Zhang Lin, who played a leading role in 1989 pro-democracy protests in eastern
Anhui that mirrored those held in Beijing's Tiananmen Square, was arrested on
his return from the capital late last month, activist Ren Wanding said.
Zhang's detention, a week after other activists were able to get to Zhao's house
to mourn him, signals Beijing's desire to keep a lid on emotions stirred by the
death of the former leader.
``He came to Beijing on January 28 to go to Zhao Ziyang's house, but was not
allowed in, so he went back to Anhui the next day,'' Ren said in Beijing.
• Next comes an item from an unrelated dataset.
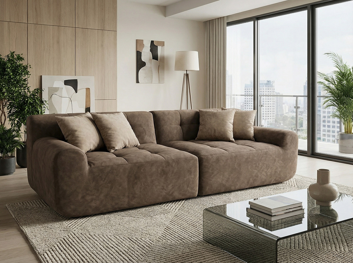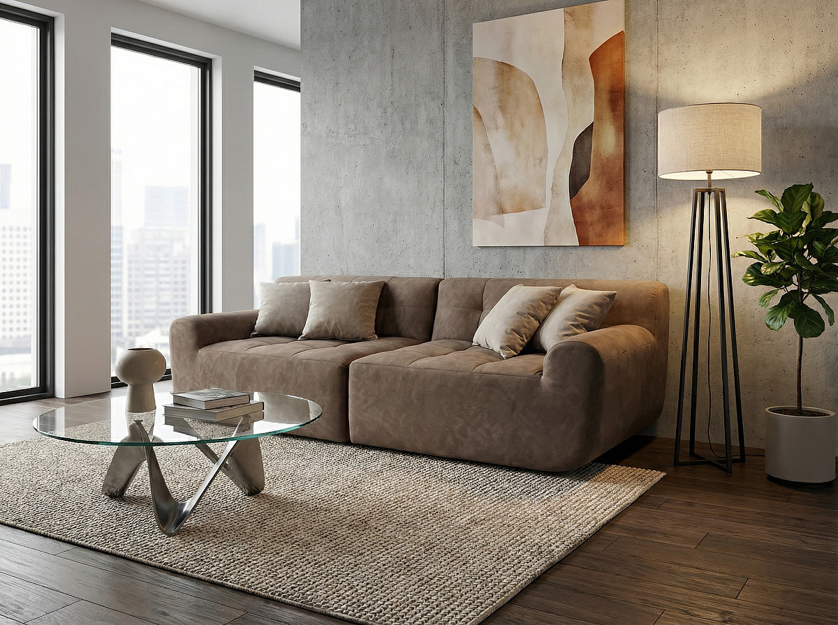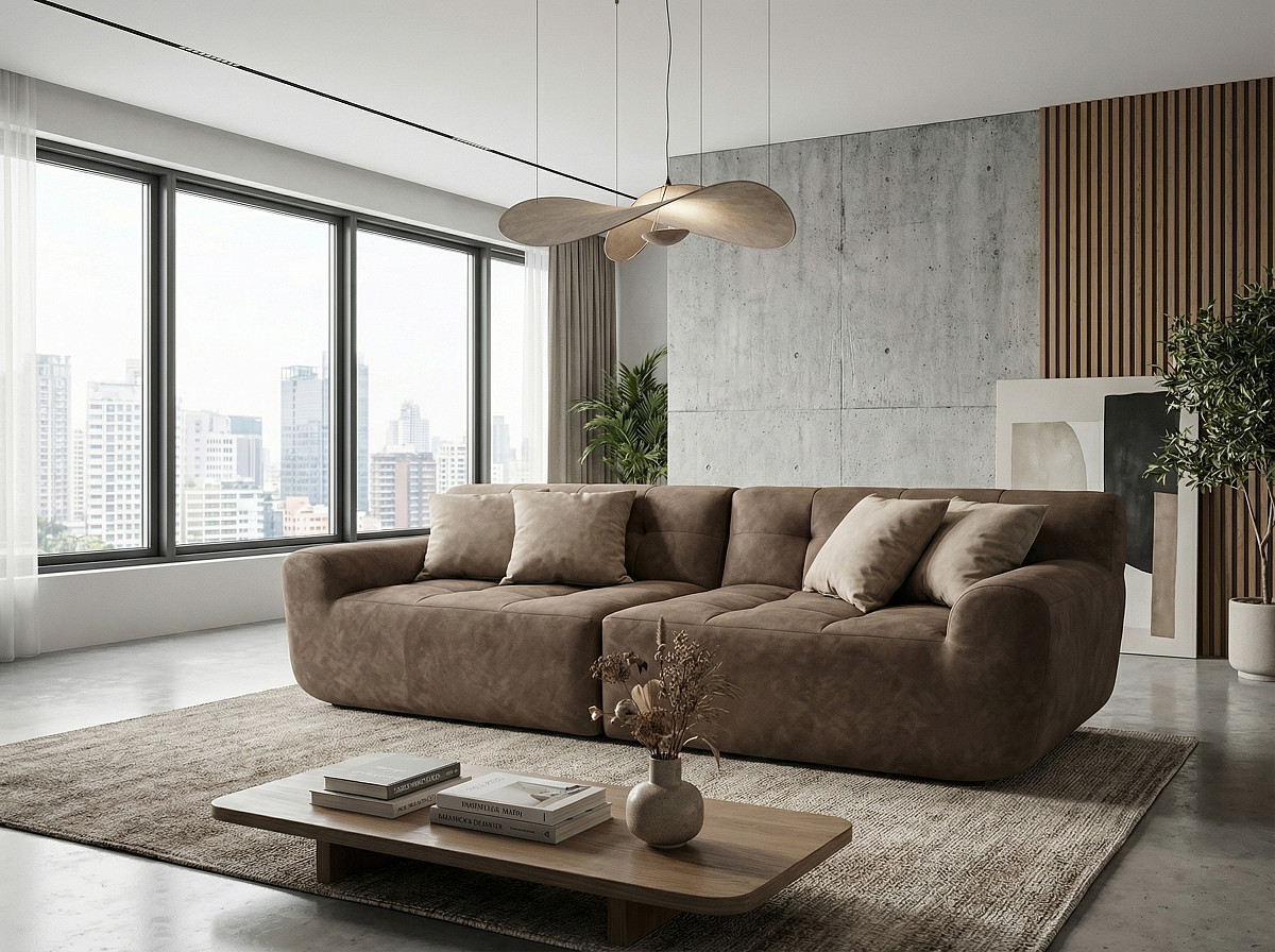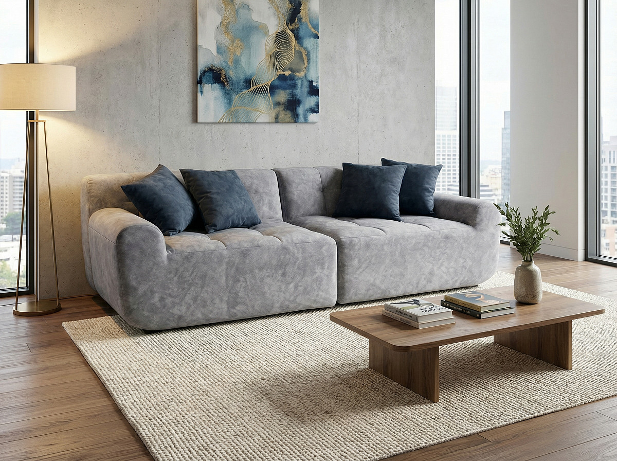Диван beyosa Oasis (Оазис) — это воплощение уюта и современного стиля. Его мягкие, обволакивающие формы создают атмосферу расслабления, а премиальный велюр с деликатным принтом под камень добавляет интерьеру утончённости и естественной гармонии.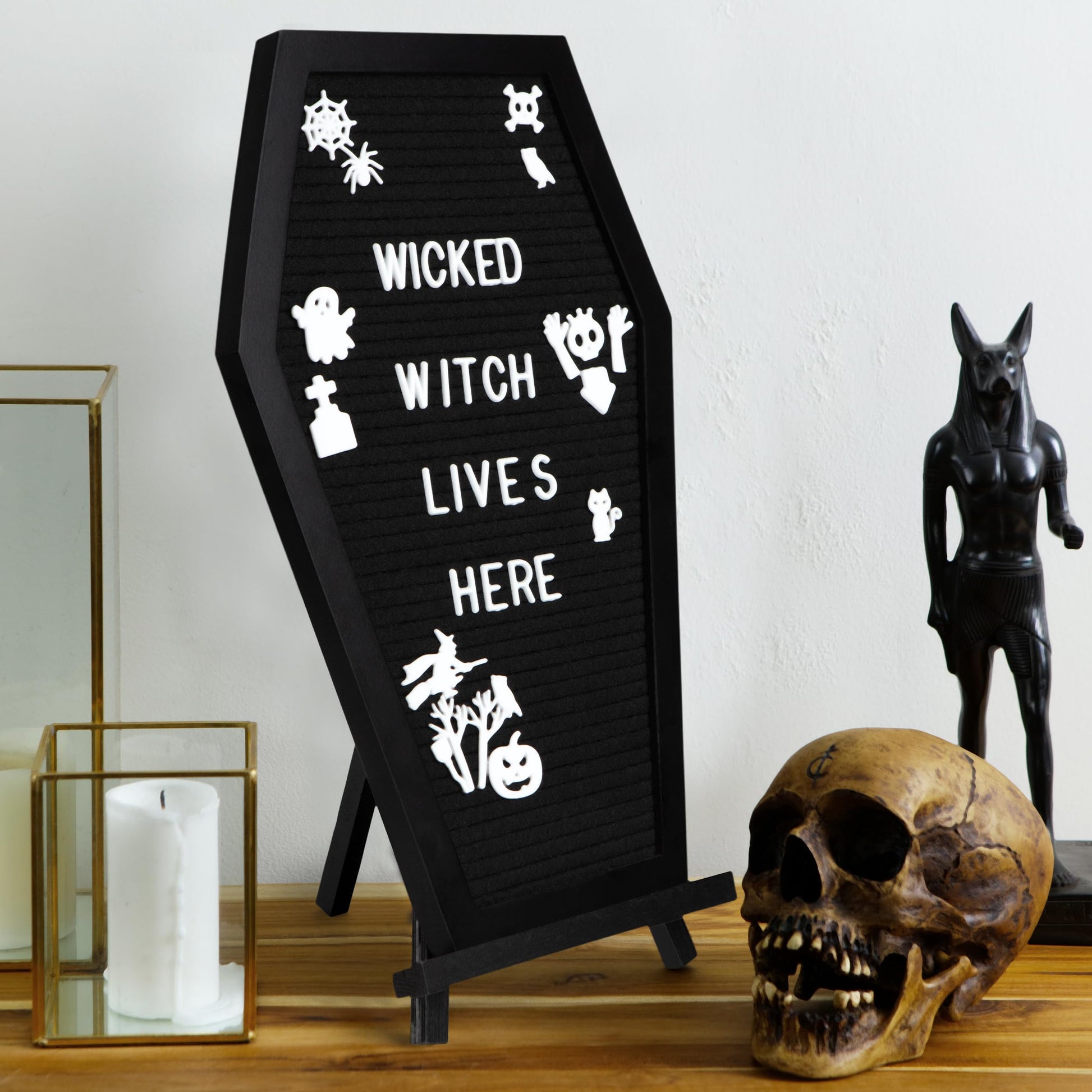 - If you are spicing up your gothic party decor with a coffin shelf or coffin mirror, coffin pin board, or any other macabre decor, use the letter board to round out your gothic halloween decor.

``After going back to Bengbu, he was seized by the police and held for 15 days
and his computer taken. Today his wife and friends went to pick him up, but the
police said he had already been detained for threatening state security and
sent to jail.''
A family friend at Zhang's house in Bengbu said relatives were not able to pick
him up.
``It's very strange. We don't know why they are doing this. We went to meet him
but were unable to,'' the friend said. ``We don't know where he is.''
Zhang, jailed for two years for his role in the 1989 protests, left for exile in
the United States in 1997 but stole back into China in November 1998. He was
arrested and sentenced about a month after that to three years of hard labour
and re-education for illegal entry.
Zhao died in a Beijing hospital on January 17 at the age of 85 after spending 15
years under house arrest for opposing the army crackdown in Tiananmen Square.
Nervous that Zhao's death might trigger protests, the leadership tightened
security in the capital and permitted only a scaled-down funeral for the man
who, as premier in the 1980s, launched market reforms that turned the country
from a centrally planned backwater into a fledgling economic powerhouse.